Possible questions for Exam 2


Nonsymmetrical Bending of Straight Beams
  • Derive sigma = My/I and show clearly all assumptions, all limitations of the formula, and show that all equations of equilibrium are satisfied.
  • Use Mohr's circle to determine principal directions and magnitude of the moments of inertia of the cross-section shown.
  • Given the cross-section and applied bending moment shown, determine the direction of the neutral axis.
  • Given the beam and cross-section shown, determine the maximum tensile stress and the direction and magnitude of the maximum deflection.
Shear Center for Thin-wall Beam Cross Sections
    Beginning with the flexure formula, derive q = VQ/I and list all assumptions and limitations.
  • Given the three cross-sectional shapes shown, estimate the location of the shear center. Show clearly on which side of the line "a-a" on each figure the shear center is located.
  • Given the cross-sectional shape shown, sketch the direction of shear flow and plot its magnitude along each part of the cross-section. Clearly show, using a free-body diagram, how you determined the direction of shear flow.
  • For the multiply connected cross-section shown, determine the magnitude of the shear flow in each of its walls.
  • For the following cross-section with the shear flows shown, calculate the location of the shear center.
  • For the following cross-section with the shear flows shown, is the axial displacement single valued? Explain.
  • Derive the equation that is necessary to insure single valued displacements in the axial direction of a beam in shear.
Curved Beams
  • Derive the equation for the flexural stress in a curved beam stating clearly all basic assumptions.
  • For the beam shown, sketch the stress distribution over its cross-section.
  • For the curved, wide-flange beam shown, the upper flange is made of a material with an E that is twice the E of the material of the lower flange. If the web is neglected, determine the location of the NA and the stress in the top flange for a unit moment.
  • Given the cross-sectional shape shown drawn to scale, along with the location of the axes of beam curvature, estimate the location of the N.A. and the maximum flexural stress per unit of Moment.
Beams on Elastic Foundations
  • Derive the governing equation for a beam on an elastic foundation. Define a Winkler foundation. State clearly the necessary and sufficient boundary conditions for this problem.

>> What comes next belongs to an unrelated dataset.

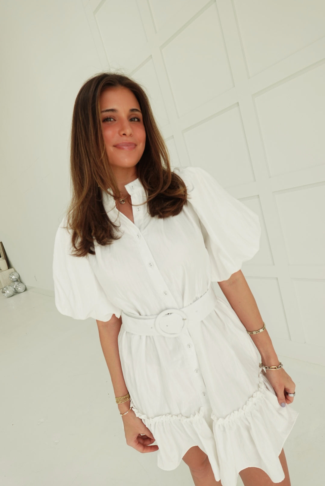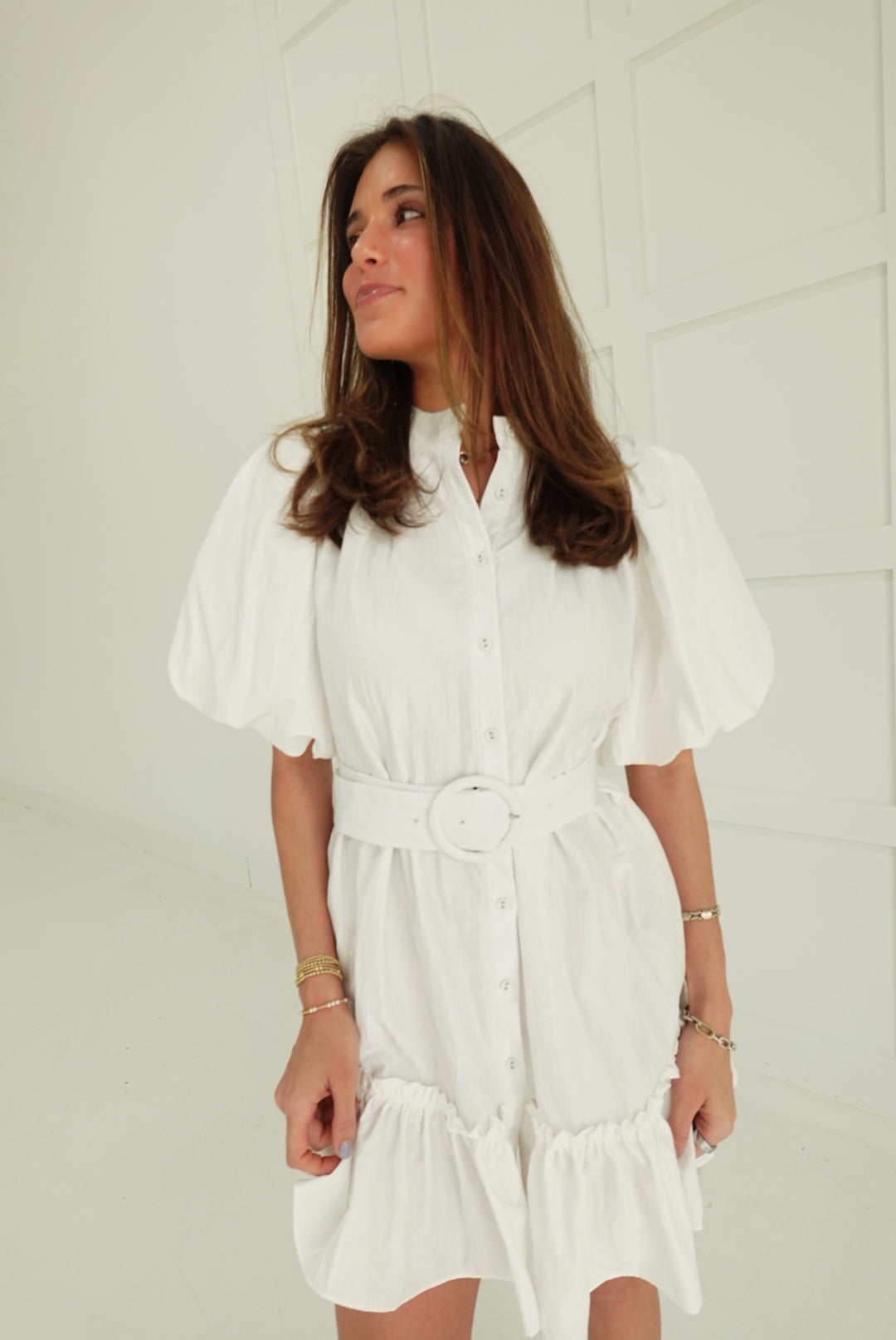 Bonnie Belted Dress - White

  • Given the finite difference molecule shown for a beam on an elastic foundation, set up the governing matrix equation for the deflection of the points shown.
Energy
  • Derive the expression for strain energy in terms of the bending moment in a beam.
  • Use the following approximation for the deflection of the beam shown and setup the governing equations for the undetermined parameters using Ritz's method.
  • State the principle of stationary potential energy and outline its derivation.
Plasticity
  • Define the following yield criteria: J2, Octahedral Shear Stress, Radius of Von Misses circle, Maximum Shear Stress Theory (Tresca's theory), and Maximum Energy of Distortion.
  • If during a one dimensional tension test it was determined that the yield stress, sigma_y, was 35000 psi, plot in stress space on the paper given the Von Mises yield surface and the Tresca yield surface. Clearly mark the units on the graph.